Dataset entries:
- - -
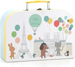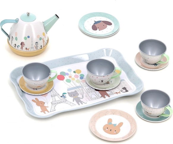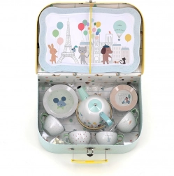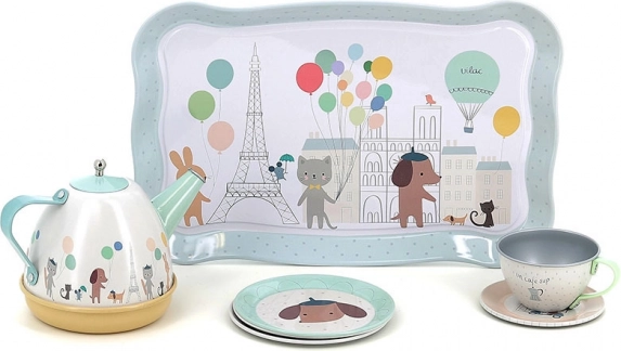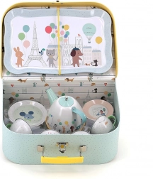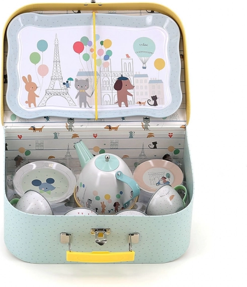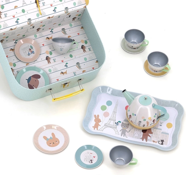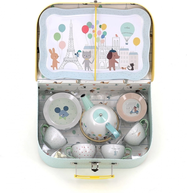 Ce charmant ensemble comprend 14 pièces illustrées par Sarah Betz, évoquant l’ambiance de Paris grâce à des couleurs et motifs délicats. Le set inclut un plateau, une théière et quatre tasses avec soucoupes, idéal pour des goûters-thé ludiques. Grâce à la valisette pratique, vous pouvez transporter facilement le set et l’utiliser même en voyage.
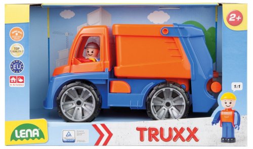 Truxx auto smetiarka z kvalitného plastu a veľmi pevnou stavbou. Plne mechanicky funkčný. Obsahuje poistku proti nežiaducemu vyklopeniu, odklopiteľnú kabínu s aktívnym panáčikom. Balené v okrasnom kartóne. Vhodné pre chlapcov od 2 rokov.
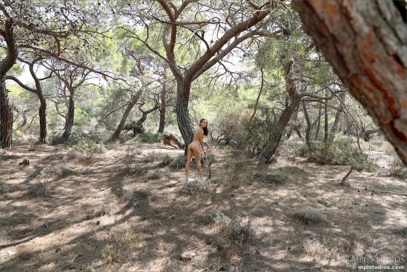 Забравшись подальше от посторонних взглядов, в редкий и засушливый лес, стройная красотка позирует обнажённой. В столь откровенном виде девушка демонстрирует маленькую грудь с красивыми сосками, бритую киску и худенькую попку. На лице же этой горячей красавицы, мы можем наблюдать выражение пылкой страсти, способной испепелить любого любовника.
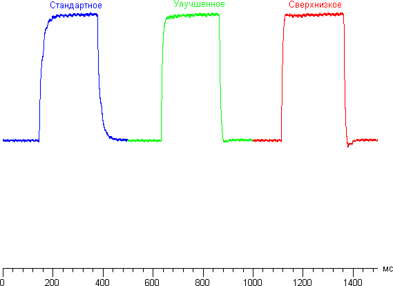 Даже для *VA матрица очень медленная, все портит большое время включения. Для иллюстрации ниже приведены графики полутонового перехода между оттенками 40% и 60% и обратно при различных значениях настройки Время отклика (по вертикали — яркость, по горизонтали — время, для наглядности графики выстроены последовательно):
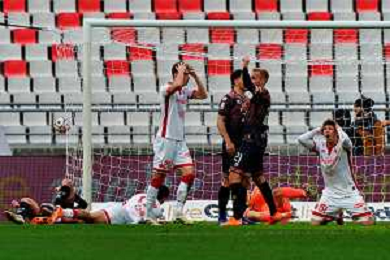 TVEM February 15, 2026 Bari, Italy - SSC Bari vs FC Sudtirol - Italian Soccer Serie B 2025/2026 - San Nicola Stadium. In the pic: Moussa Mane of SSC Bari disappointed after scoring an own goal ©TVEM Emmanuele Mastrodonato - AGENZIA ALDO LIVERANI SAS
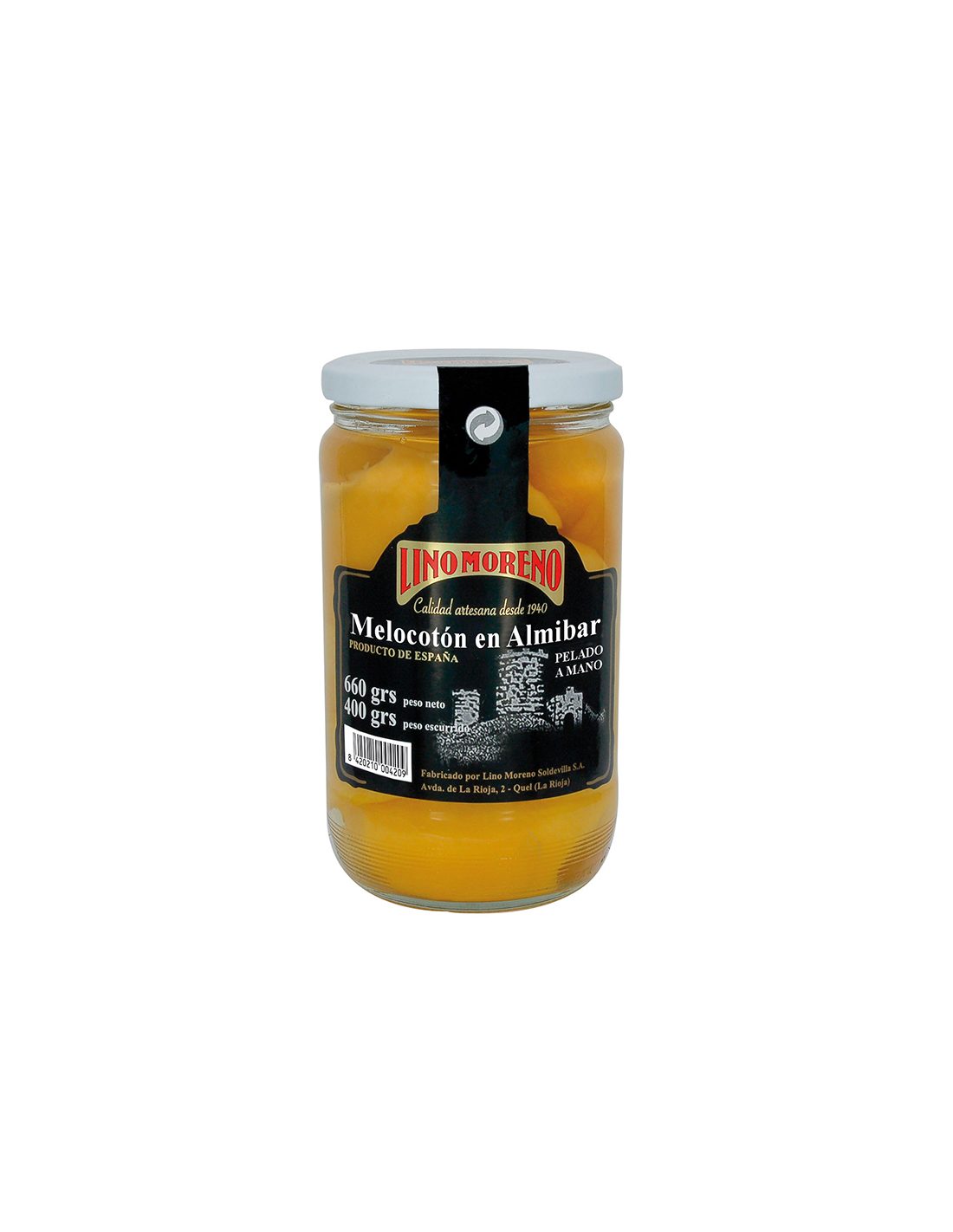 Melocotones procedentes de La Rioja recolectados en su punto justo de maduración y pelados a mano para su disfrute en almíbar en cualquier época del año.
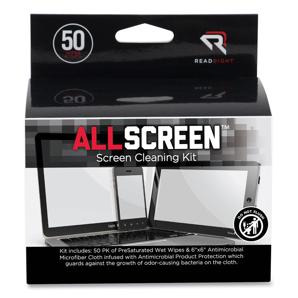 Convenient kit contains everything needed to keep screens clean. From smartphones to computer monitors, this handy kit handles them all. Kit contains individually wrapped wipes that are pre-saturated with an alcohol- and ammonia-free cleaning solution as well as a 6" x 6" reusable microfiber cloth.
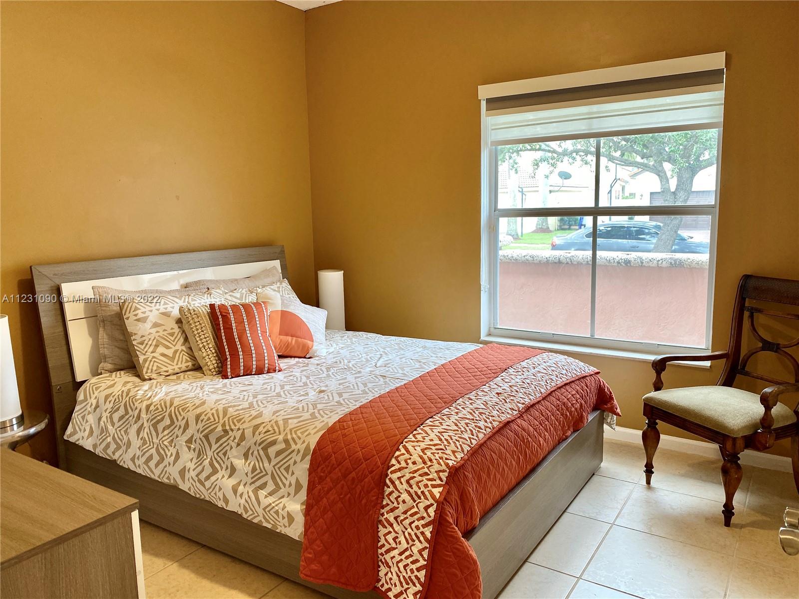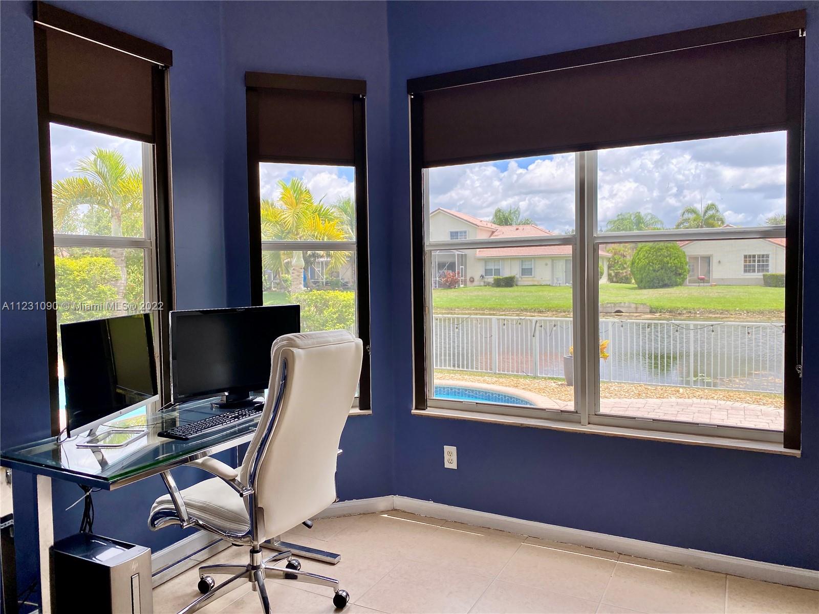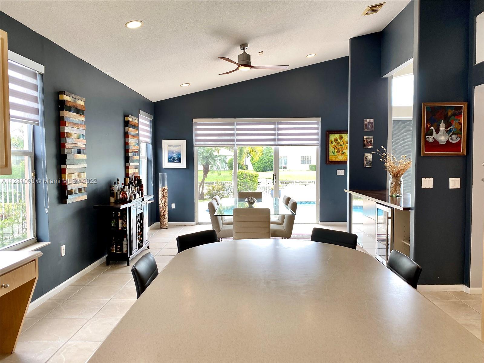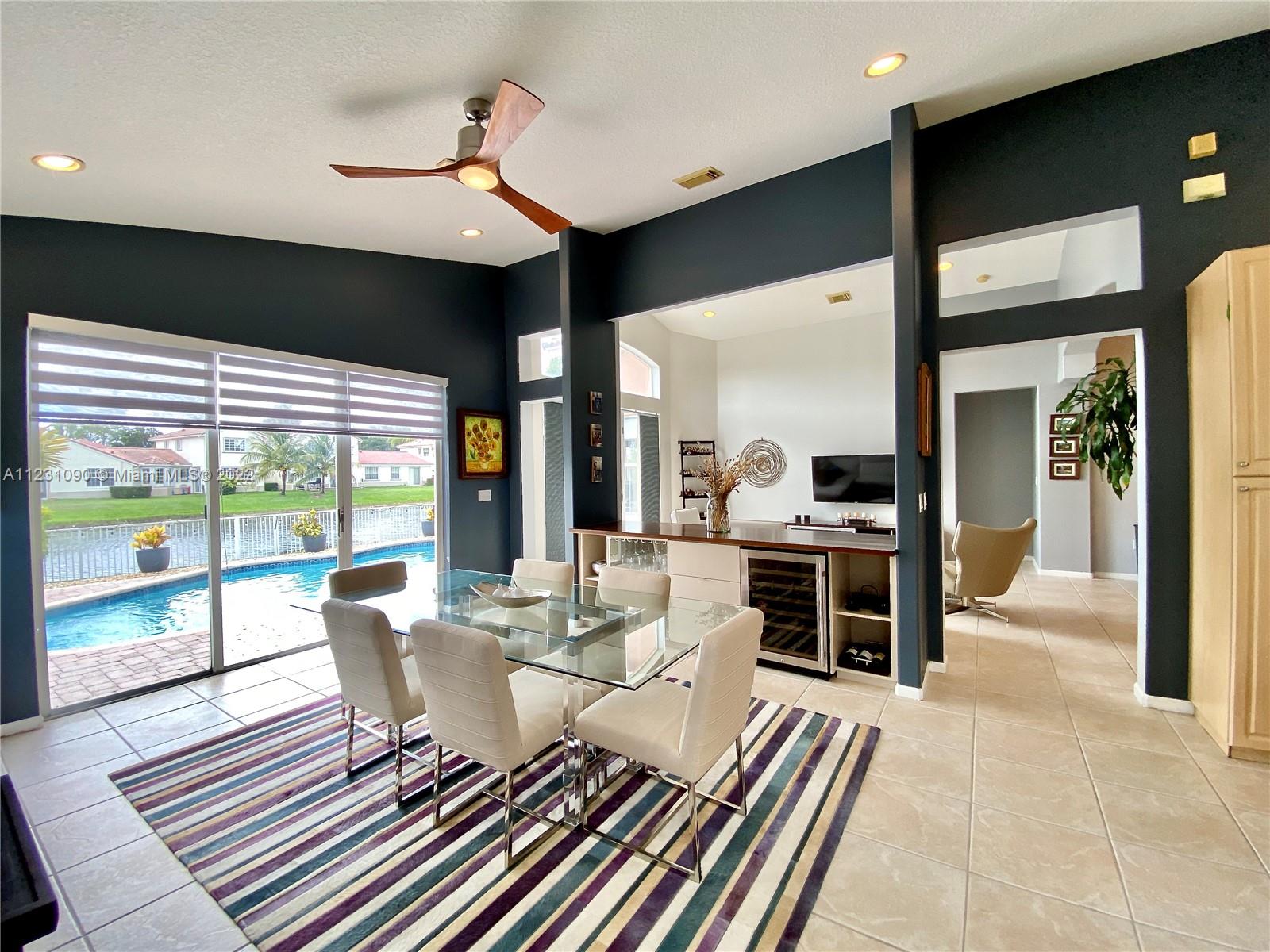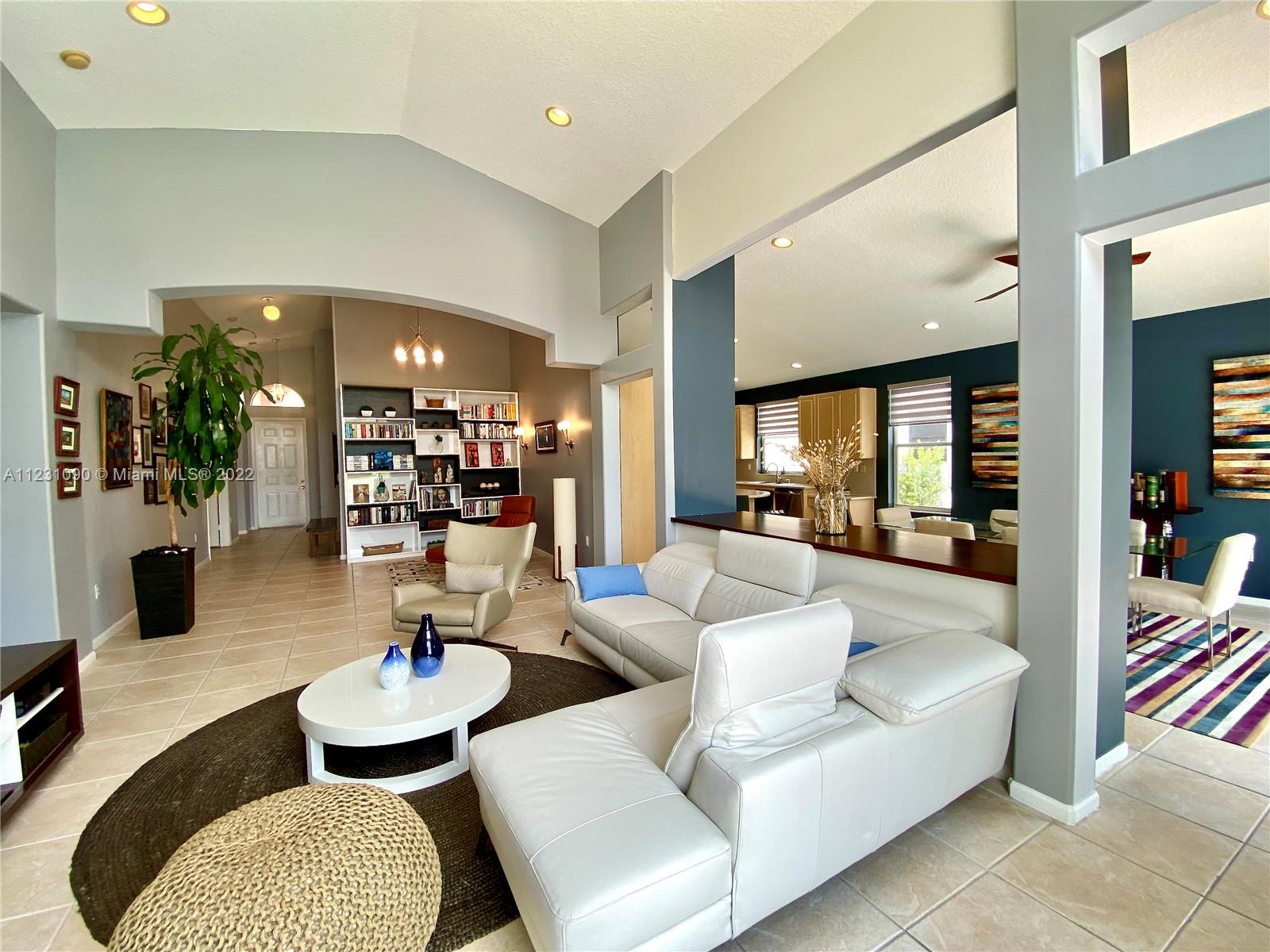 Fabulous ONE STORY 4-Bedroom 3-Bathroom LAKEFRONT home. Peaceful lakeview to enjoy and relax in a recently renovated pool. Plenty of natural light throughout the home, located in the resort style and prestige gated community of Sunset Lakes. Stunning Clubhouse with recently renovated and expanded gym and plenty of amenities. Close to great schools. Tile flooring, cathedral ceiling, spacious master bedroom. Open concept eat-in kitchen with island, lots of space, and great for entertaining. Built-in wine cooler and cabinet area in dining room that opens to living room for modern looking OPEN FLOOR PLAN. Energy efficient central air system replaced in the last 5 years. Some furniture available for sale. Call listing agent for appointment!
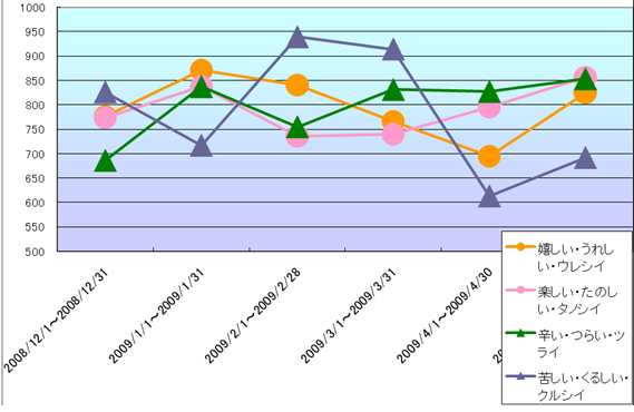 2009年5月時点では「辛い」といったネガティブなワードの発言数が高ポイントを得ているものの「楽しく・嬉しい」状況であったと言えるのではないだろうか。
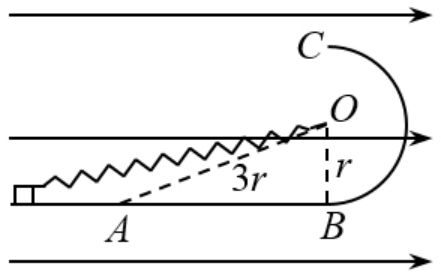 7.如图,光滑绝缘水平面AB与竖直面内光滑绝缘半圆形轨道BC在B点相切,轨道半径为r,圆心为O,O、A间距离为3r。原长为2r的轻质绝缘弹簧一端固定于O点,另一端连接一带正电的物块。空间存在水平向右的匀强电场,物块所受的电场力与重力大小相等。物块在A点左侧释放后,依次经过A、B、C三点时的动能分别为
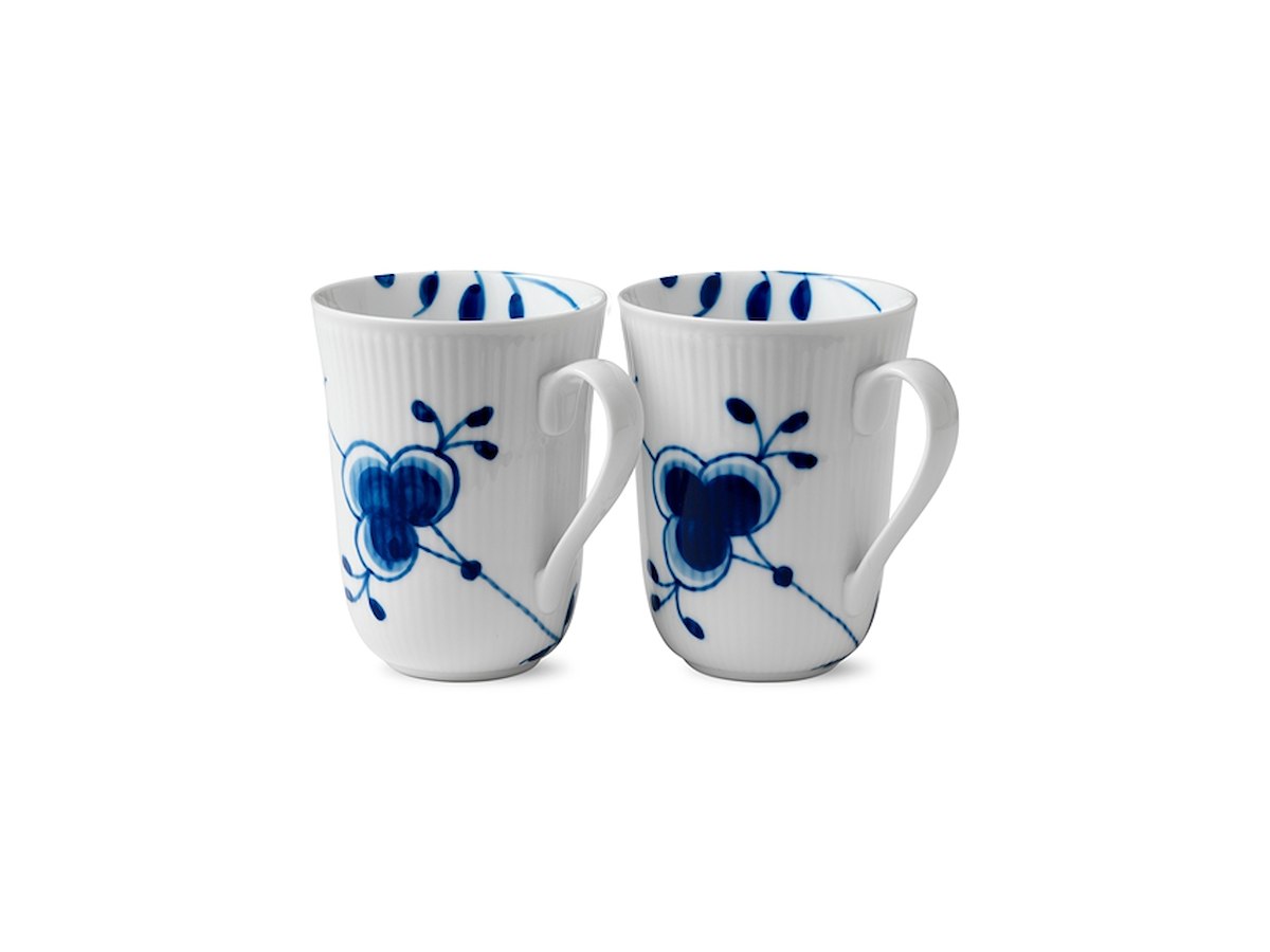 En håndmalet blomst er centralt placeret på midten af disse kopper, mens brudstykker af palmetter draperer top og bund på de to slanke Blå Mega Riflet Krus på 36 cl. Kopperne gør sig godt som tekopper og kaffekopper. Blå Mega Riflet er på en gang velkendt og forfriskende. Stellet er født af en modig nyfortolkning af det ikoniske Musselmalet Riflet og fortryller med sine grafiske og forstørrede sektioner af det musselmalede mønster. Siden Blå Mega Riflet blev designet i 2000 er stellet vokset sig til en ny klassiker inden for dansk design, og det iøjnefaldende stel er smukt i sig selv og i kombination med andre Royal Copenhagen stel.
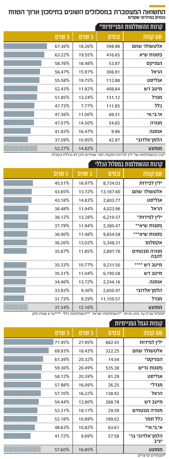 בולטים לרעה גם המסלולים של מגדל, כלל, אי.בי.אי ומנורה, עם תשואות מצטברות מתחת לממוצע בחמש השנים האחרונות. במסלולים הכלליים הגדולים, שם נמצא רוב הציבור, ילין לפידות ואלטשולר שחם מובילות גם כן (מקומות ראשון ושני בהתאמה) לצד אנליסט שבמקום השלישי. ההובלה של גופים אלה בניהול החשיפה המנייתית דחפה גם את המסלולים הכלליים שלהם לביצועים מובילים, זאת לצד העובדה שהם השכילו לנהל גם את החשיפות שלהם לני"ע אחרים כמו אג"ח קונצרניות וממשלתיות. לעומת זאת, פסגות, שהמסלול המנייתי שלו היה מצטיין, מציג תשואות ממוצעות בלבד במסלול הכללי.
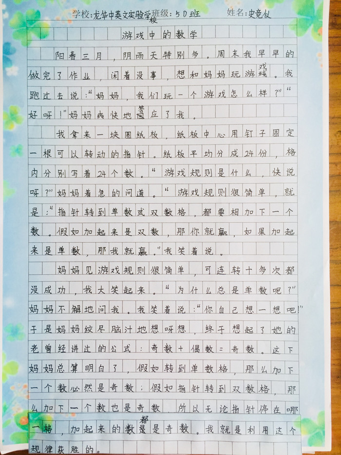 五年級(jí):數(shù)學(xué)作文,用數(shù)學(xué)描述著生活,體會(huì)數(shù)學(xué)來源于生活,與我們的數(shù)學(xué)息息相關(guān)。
- - -
> [TASK TO COMPLETE] Beginning with the line containing "בולטים לרעה גם" and ending with the last line of the data, output those lines exactly and nothing more. Omit every picture.

> [RESPONSE TO THIS TASK]
 בולטים לרעה גם המסלולים של מגדל, כלל, אי.בי.אי ומנורה, עם תשואות מצטברות מתחת לממוצע בחמש השנים האחרונות. במסלולים הכלליים הגדולים, שם נמצא רוב הציבור, ילין לפידות ואלטשולר שחם מובילות גם כן (מקומות ראשון ושני בהתאמה) לצד אנליסט שבמקום השלישי. ההובלה של גופים אלה בניהול החשיפה המנייתית דחפה גם את המסלולים הכלליים שלהם לביצועים מובילים, זאת לצד העובדה שהם השכילו לנהל גם את החשיפות שלהם לני"ע אחרים כמו אג"ח קונצרניות וממשלתיות. לעומת זאת, פסגות, שהמסלול המנייתי שלו היה מצטיין, מציג תשואות ממוצעות בלבד במסלול הכללי.
 五年級(jí):數(shù)學(xué)作文,用數(shù)學(xué)描述著生活,體會(huì)數(shù)學(xué)來源于生活,與我們的數(shù)學(xué)息息相關(guān)。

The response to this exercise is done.